# Specification mystery



## Guest (May 27, 2009)

On page 155 of the May issue of MMM there is a "Secondhand review" Of an MH very similar to mine.
It is the same year, It carries the same name, Autocruise Pioneer Magellan BUT.

It has a different engine, Mine has a 2,2HDi this one has 2.0Hdi

It has a different MTLP. Mine has a 3300 MGW This on has a 3400MGW

I suppose the bigger engine might have been an option, but different MGW's? Were Atuocruise known for using diffenet chassis specs for the same model of MH?

I must admit I am a bit puzzled.

Tco


----------



## ingram (May 12, 2005)

I think that Autocruise CH were renowned for making each motorhome as individually different as they could  This was good and bad.   

The 2006 Starblazer, for example, was offered in four different specifications with the addition that any of those could have a 'cabover' bed pod; so that is *eight* possible variations on just that one model and they didn't all have the same heating system; hot water system; washroom system.................................... of course magazines do sometimes contain errors ......

Harvey


----------



## Guest (May 28, 2009)

Thanks for that Harvey. I just thought it strange that they would use different chassis for the same model.

Tco


----------



## ingram (May 12, 2005)

I have a brochure for 2005/2006 Pioneer: I think yours may be a bit earlier than that but it lists the engine as '2.2HDI' and the Max mass as 3,400kg.

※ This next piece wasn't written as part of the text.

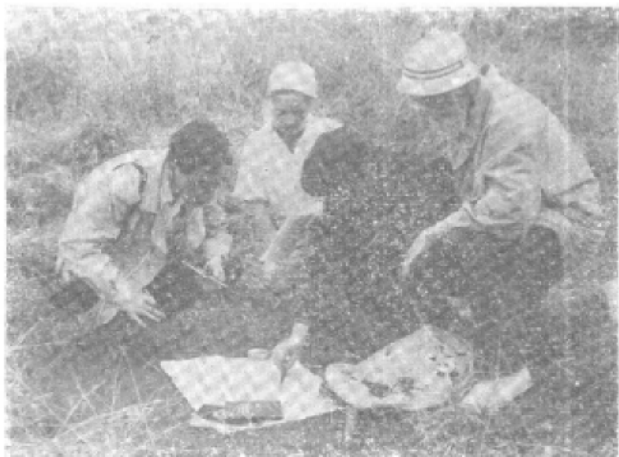
图三：中外专家在始兴马市镇铺背考察“红层”

Also, I forgot that in addition to the *eight* models of Starblazer they also duplicated them *all* as Pioneers: so that'd be sixteen then: no wonder they got into a little bit of trouble! ........ shame

Harvey


----------



## Guest (May 29, 2009)

Thanks again Harvey. I guess the Pioneer and "Star" ranges had different levels of trim. I have not seen another one like ours out and about, maybe they didn't build that many.

Tco


----------